[Work instructions]
Exact reproductions of all the entries, please, and no pictures.

[Dataset]

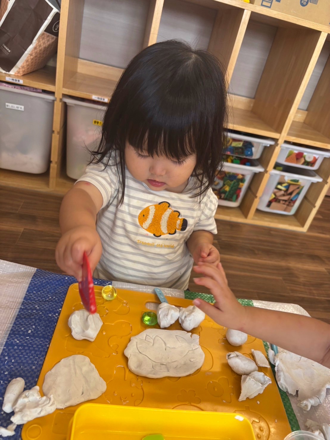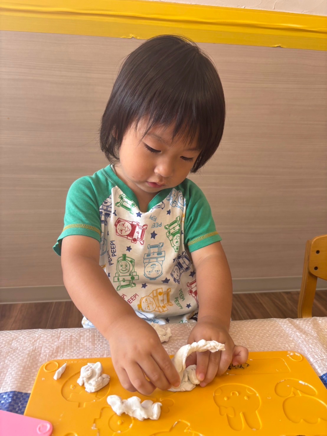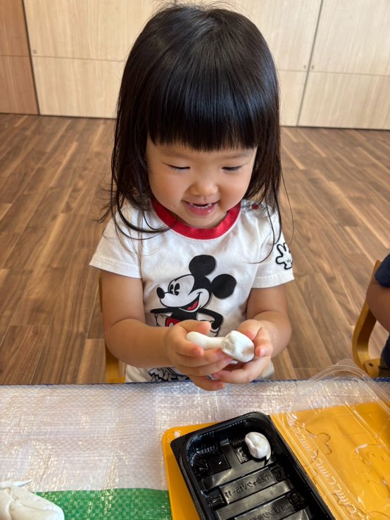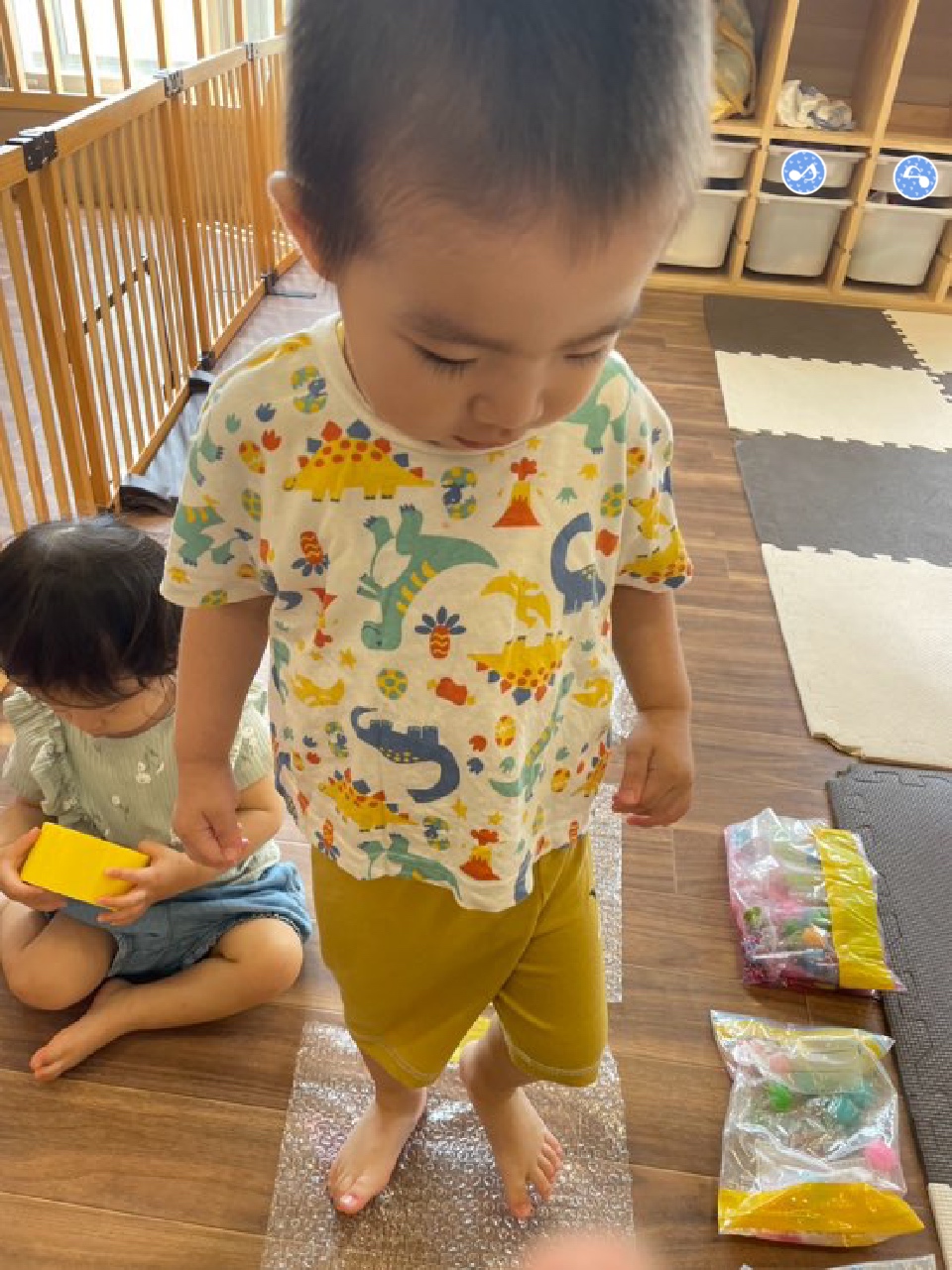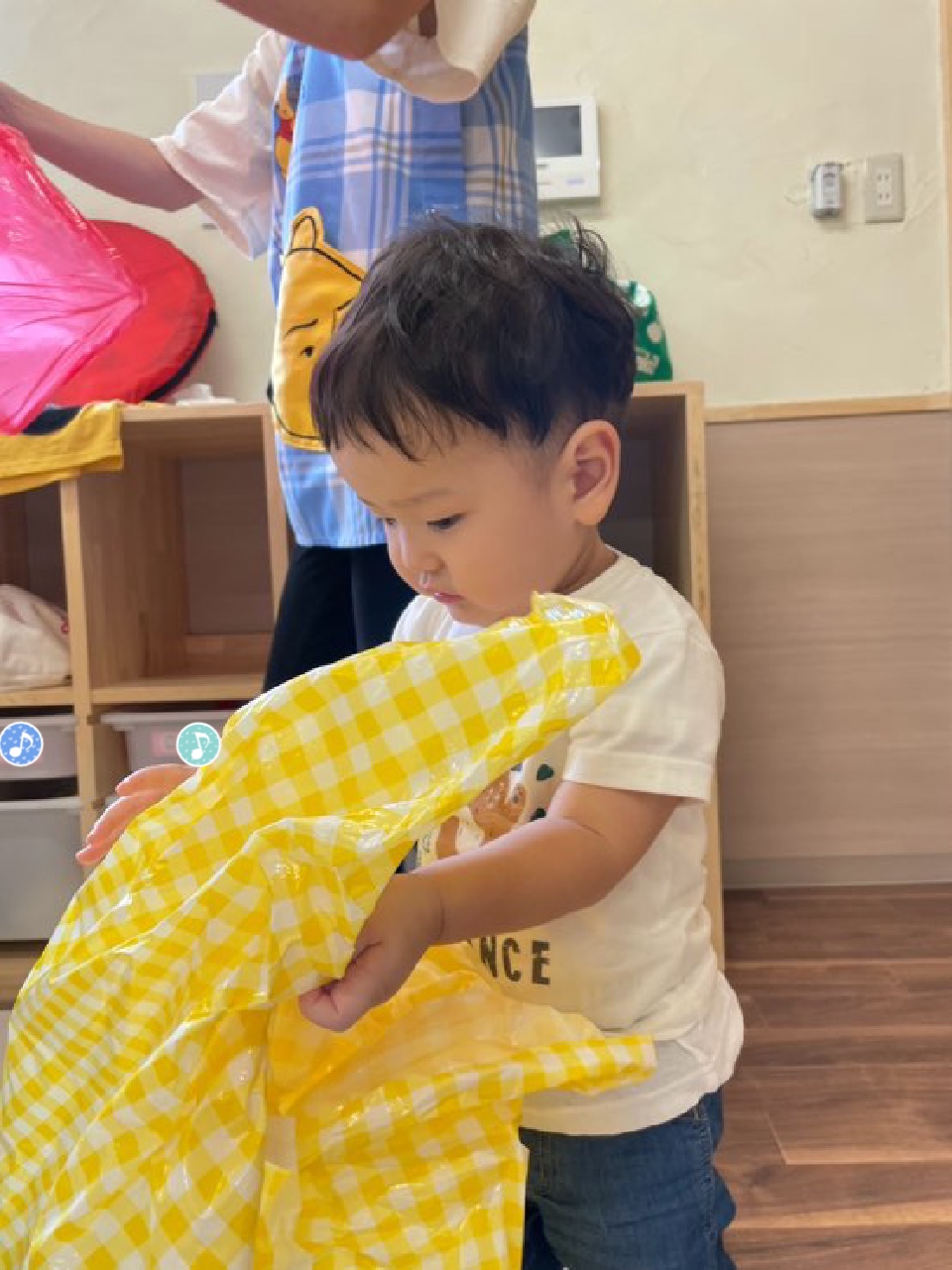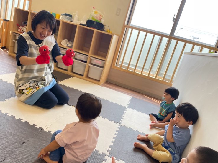 0、1歳児さんは、タコが出てくる手袋シアターを見てから遊びました😆
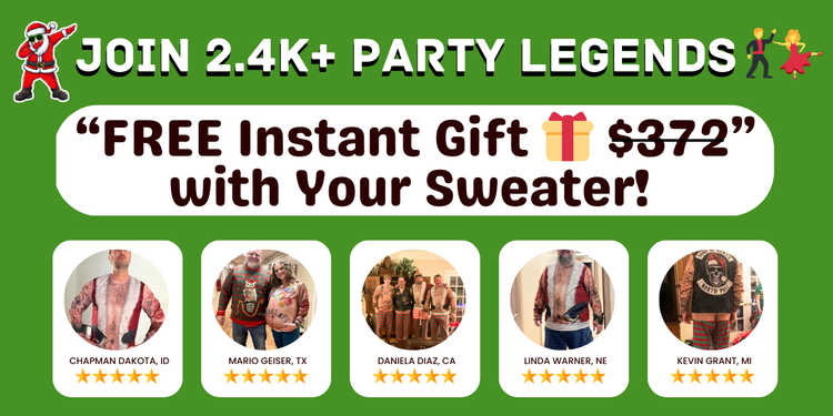 Instantly download 6 party-dominating secret guides worth $372 for FREE! with any ugly sweater purchase!
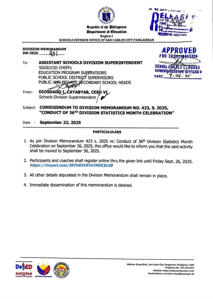 Division Memorandum No. 451 s, 2025 – CORRIGENDUM TO DIVISION MEMORANDUM NO. 423, S. 2025, “CONDUCT OF 36TH DIVISION STATISTICS MONTH CELEBRATION”
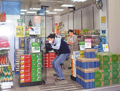 ■警方鑑證科人員在油站小賣部的玻璃門上套取指模。
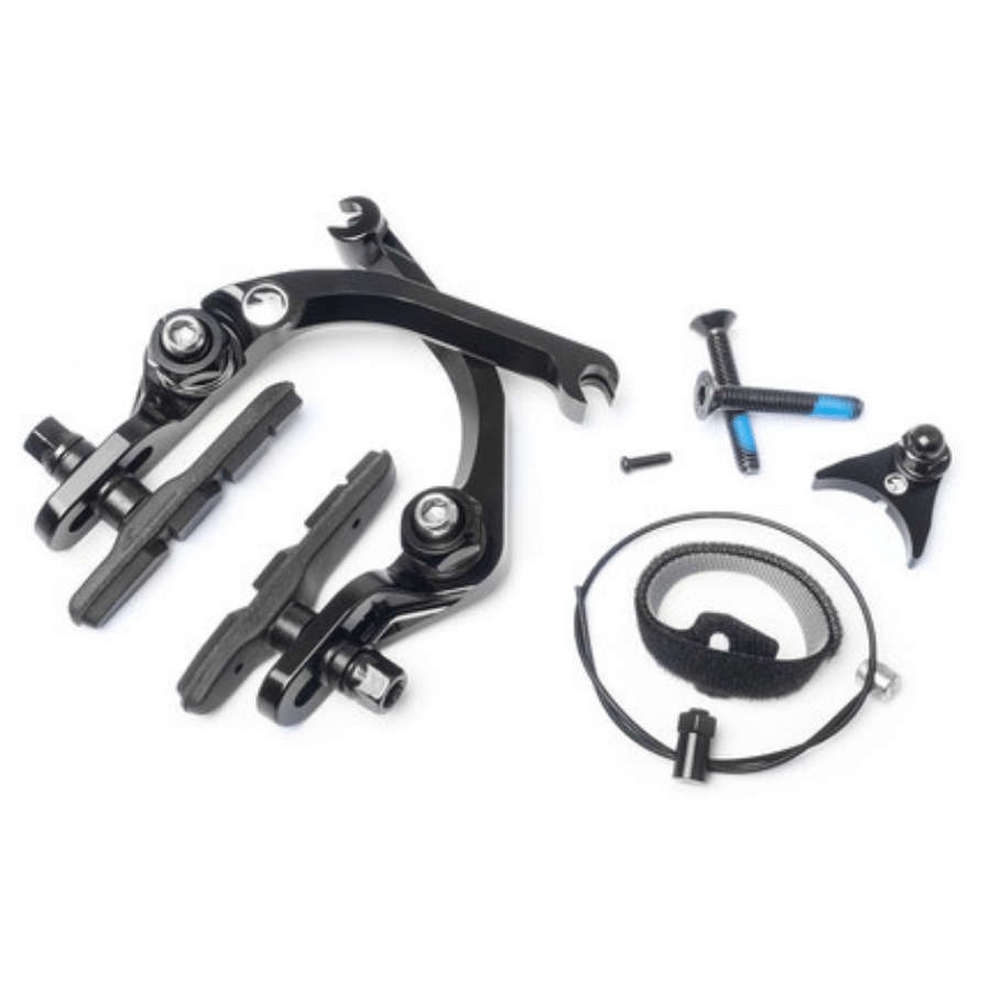 - Livré avec triangle SHADOW CNC (Câble Hanger), câble pontet et patins tendres, velcro d’attache cadre.
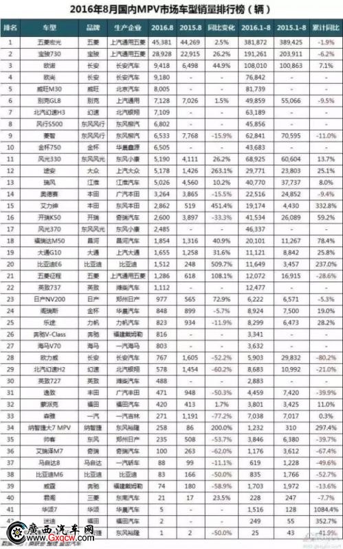 8月份MPV排行榜共統(tǒng)計了43款車型。8月份MPV市場銷量實現(xiàn)17.7萬輛,同比增長31.9%,增幅不及前兩個月。
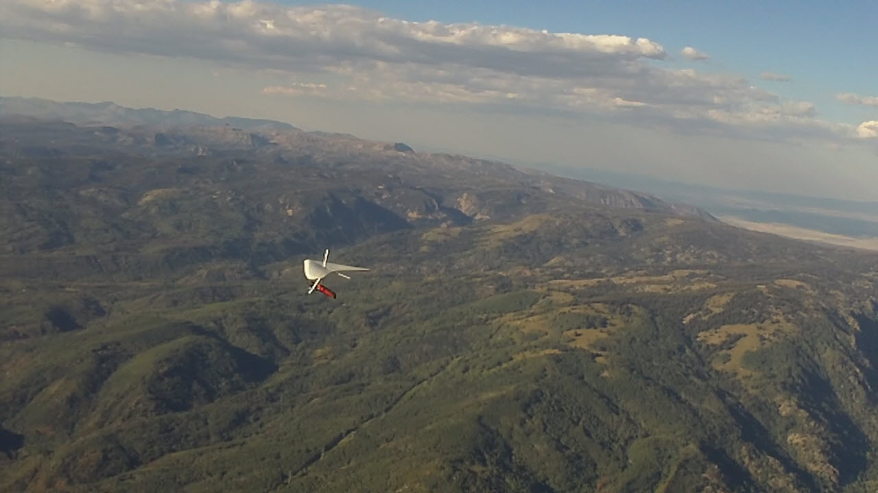 I think he was watching Brett below us too much, and so was I. The hawk surprised me as he had to flap and throw down his feet to clear my leading edge once. It was awesome! I tried chasing him around a bit when I was ready to burn off altitude and the picture is the best I got before he got the higher ground. If it was a dog fight, I’da lasted 10 seconds. Here’s a picture of Brett (who thermals like nobodies business).

[Response below]
 0、1歳児さんは、タコが出てくる手袋シアターを見てから遊びました😆
 Instantly download 6 party-dominating secret guides worth $372 for FREE! with any ugly sweater purchase!
 Division Memorandum No. 451 s, 2025 – CORRIGENDUM TO DIVISION MEMORANDUM NO. 423, S. 2025, “CONDUCT OF 36TH DIVISION STATISTICS MONTH CELEBRATION”
 ■警方鑑證科人員在油站小賣部的玻璃門上套取指模。
 - Livré avec triangle SHADOW CNC (Câble Hanger), câble pontet et patins tendres, velcro d’attache cadre.
 8月份MPV排行榜共統(tǒng)計了43款車型。8月份MPV市場銷量實現(xiàn)17.7萬輛,同比增長31.9%,增幅不及前兩個月。
 I think he was watching Brett below us too much, and so was I. The hawk surprised me as he had to flap and throw down his feet to clear my leading edge once. It was awesome! I tried chasing him around a bit when I was ready to burn off altitude and the picture is the best I got before he got the higher ground. If it was a dog fight, I’da lasted 10 seconds. Here’s a picture of Brett (who thermals like nobodies business).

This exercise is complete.